If it's a near perfect case, then how came I can't figure out what you're talking about?

Quote:
That's all the more reason to start now rather than postponing it.

That is precisely the alarmist "reasoning" used by people like Al Gore to call for a huge increase in a bureaucracy (and remember -- many bureaucrats don't really want to "solve" problems as much as "reform" them into new ones -- if "solved", they would be out of a job, or at the least, face reductions in staff, budget and influence).
What's the option? Sit in a burning house gathering information on possible ways to determine if there really is a fire, and if so, to assess the most cost-effective ways to put out the fire?

And by the way, although Al Gore is an easy target for political opponents because of his attempt to assert some leadership in this area, I've never read a single article or speech in which he argued for a bigger bureaucracy.

Quote:
I recognize that the continuing controversy over the issue of climate change is a major sore point here.

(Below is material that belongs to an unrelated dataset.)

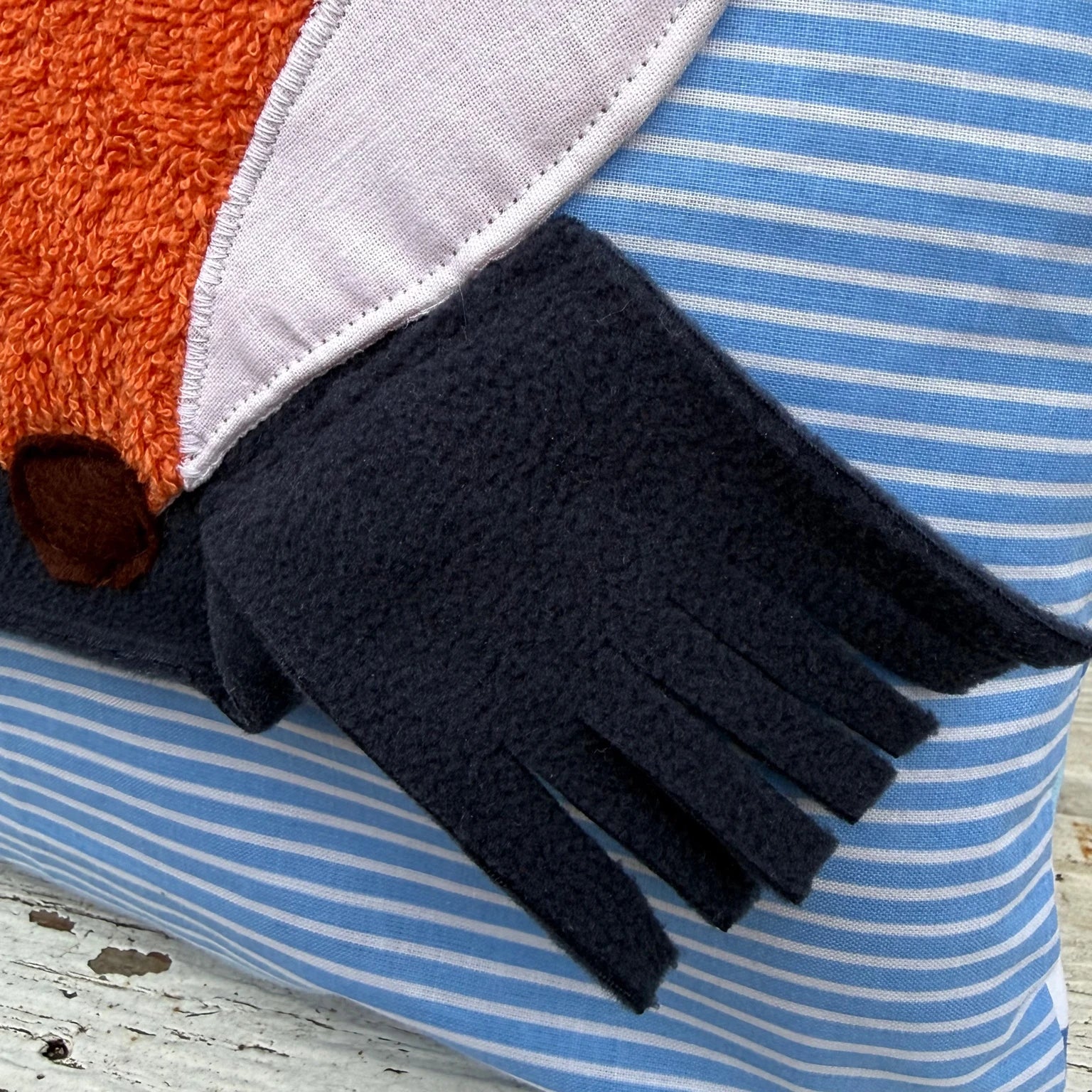 - Design: Niedliche Fuchs-Applikation mit gepunktetem und gestreiftem Stoff

But I have to point out that even as "traditionalist" a publication as the conservative standard National Review has acknowledged it;
As has the Department of Defense, which is spending billions of dollars to mitigate the already apparent effects of climate change on our defense preparedness. The reality of rapid climate change is simply no longer a controversy in the world of science... the house actually IS on fire, folks... and it hasn't been a big controversy for a decade. It's really only a controversy today in any major way in the domain of politics.

Quote:
the use of the more simplistic term "global warming" -- complete with emotional ads featuring cuddly polar bears, and imported European films like March of the Penguins used as an "end-run" to appeal to people too young to see the more-complicated part of the picture is what stokes the resentment of people who live a little closer to the constraints of "hard science" and "hard economics".
To put in a much needed correction to this debate, "global warming" is not an alternative wording for "climate change." Global warming is only one aspect of climate change, and climate change is just one aspect of the rapid environmental changes that are being recorded all over the world.

Again, I just can't see the throughline in your post. How does mining pollution > mafia > SUVs > Al Gore > March of the Penguins = resentment of some people? And who are those people anyway, and are you really talking about yourself there, and if so, what is your issue, actually?